- **Data provided**
■ ■ ■ ■ ■
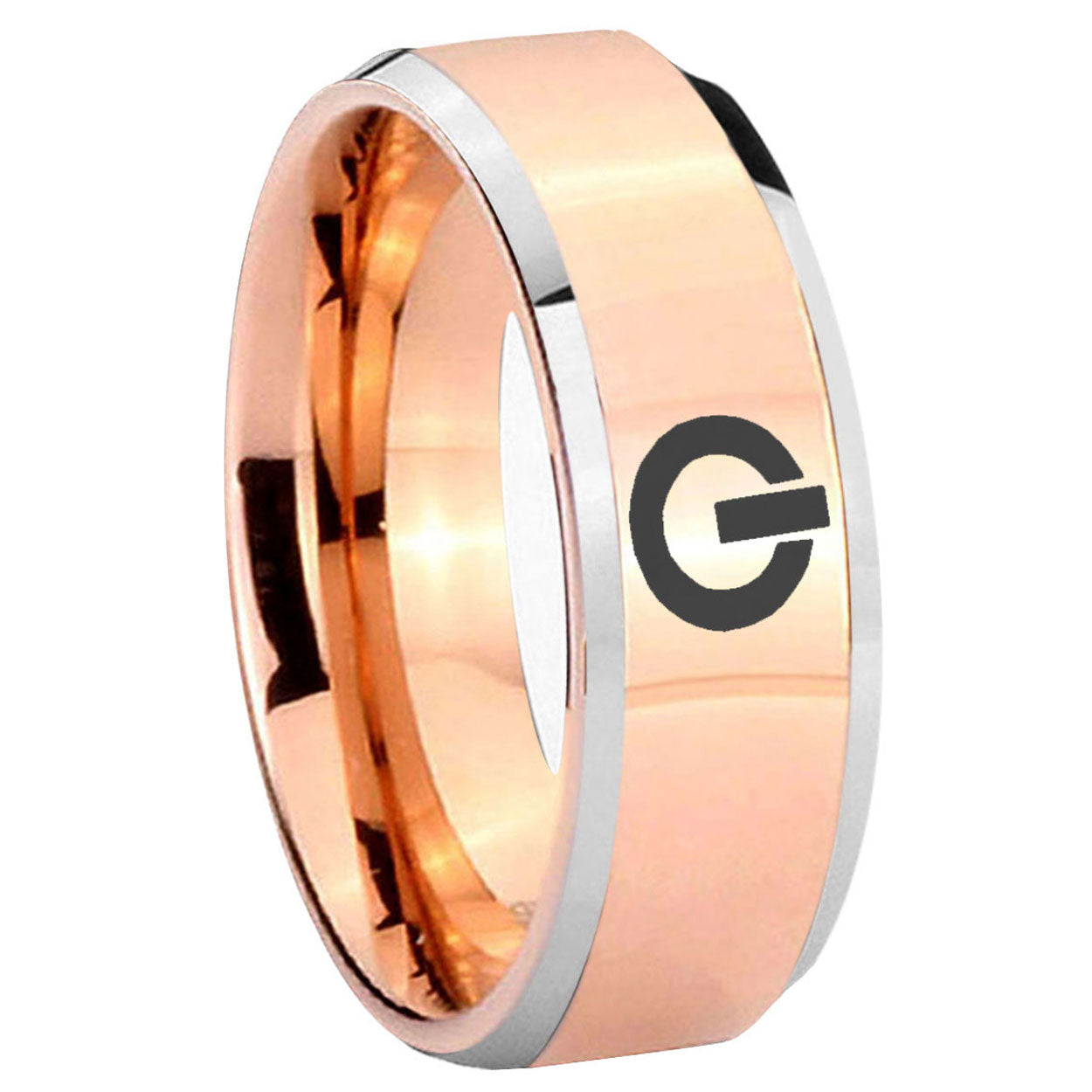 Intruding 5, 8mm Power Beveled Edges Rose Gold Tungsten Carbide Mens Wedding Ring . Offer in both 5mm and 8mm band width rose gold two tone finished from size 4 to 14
■ ■ ■ ■ ■
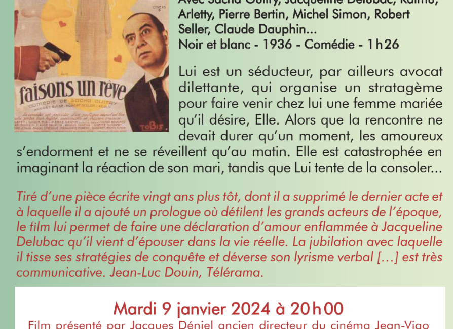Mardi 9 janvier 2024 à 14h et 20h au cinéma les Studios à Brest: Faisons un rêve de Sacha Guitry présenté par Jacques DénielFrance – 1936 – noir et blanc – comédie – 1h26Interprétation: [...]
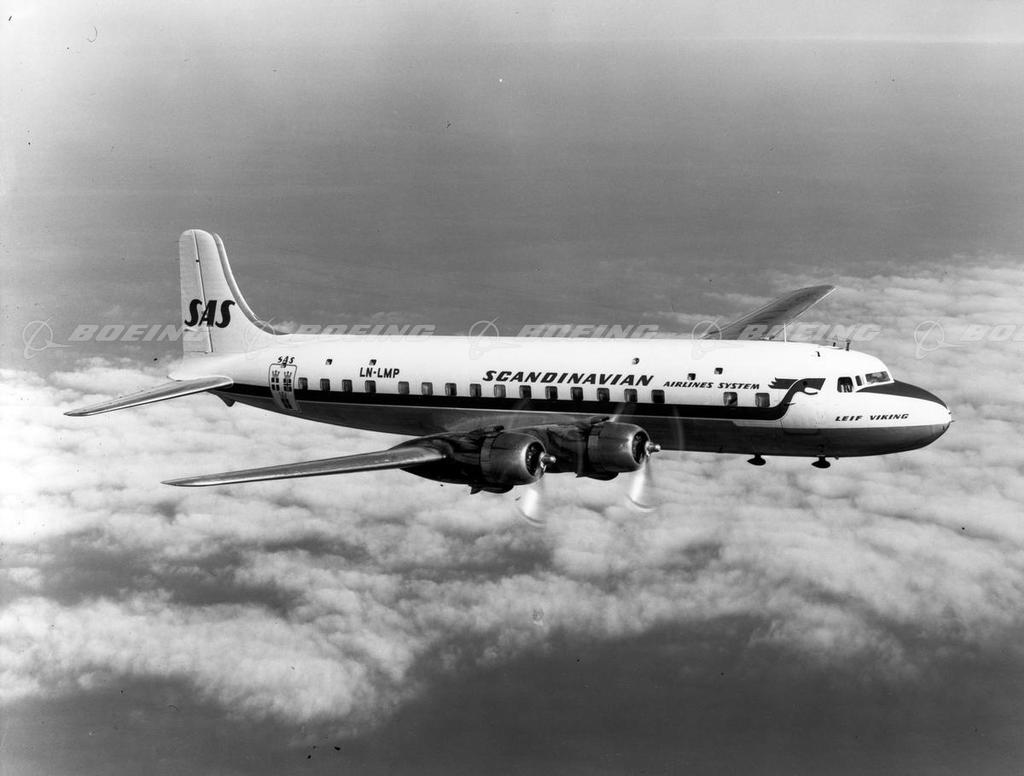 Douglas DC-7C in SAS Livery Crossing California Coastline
■ ■ ■ ■ ■
- **Work required**
For the material above, give again only the lines starting at the line that contains "Mardi 9 janvier" and ending at the line that contains "Douglas DC-7C in". Pictures do not belong in the copy.

- **Answer to this exercise**
Mardi 9 janvier 2024 à 14h et 20h au cinéma les Studios à Brest: Faisons un rêve de Sacha Guitry présenté par Jacques DénielFrance – 1936 – noir et blanc – comédie – 1h26Interprétation: [...]
 Douglas DC-7C in SAS Livery Crossing California Coastline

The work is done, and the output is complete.